TinyLLM: A Framework for Training and Deploying Language Models at the Edge Computers
Savitha Viswanadh Kandala, Pramuka Medaranga, Ambuj Varshney
TL;DR
TinyLLM tackles the challenge of deploying language-model capabilities on edge devices by advocating for and enabling training of compact, domain-specialized models (~30–124M parameters). The framework combines curated pre-training data, GPT-2–style architectures, and LoRA fine-tuning to deliver fast, private inference on edge hardware using GGUF/llama.cpp deployments.
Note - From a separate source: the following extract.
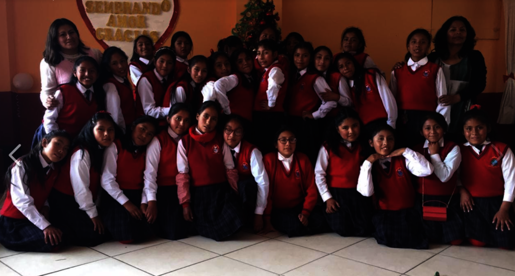 CW 2019 School year ends tomorrow for summer. The new year will start next March 2020 for schools in Peru. Party activities take the stage now along with the holiday cookie making by the Bakery school girls and our returning alumnae girls, seen with Ruth, for the party. Our Alumnae girls at the University and in Vocational College are taking their finals the last few days of this school year so will come late. The 6th grade Honor Guard passes the torch to the 5th grade for 2020 seen in photo.

Empirical results across gesture, localization, and sensing datasets show that small, well-curated models can match or outperform larger models while requiring far fewer GPU hours and enabling real-time edge processing. This work demonstrates a practical pathway for edge-native intelligence in embedded sensing, reducing reliance on cloud-based inference and mitigating privacy and latency concerns.
Abstract
Language models have gained significant interest due to their general-purpose capabilities, which appear to emerge as models are scaled to increasingly larger parameter sizes. However, these large models impose stringent requirements on computing systems, necessitating significant memory and processing requirements for inference. This makes performing inference on mobile and edge devices challenging, often requiring invocating remotely-hosted models via network calls. Remote inference, in turn, introduces issues like latency, unreliable network connectivity, and privacy concerns. To address these challenges, we explored the possibility of deviating from the trend of increasing model size. Instead, we hypothesize that much smaller models (~30-120M parameters) can outperform their larger counterparts for specific tasks by carefully curating the data used for pre-training and fine-tuning. We investigate this within the context of deploying edge-device models to support sensing applications. We trained several foundational models through a systematic study and found that small models can run locally on edge devices, achieving high token rates and accuracy. Based on these findings, we developed a framework that allows users to train foundational models tailored to their specific applications and deploy them at the edge.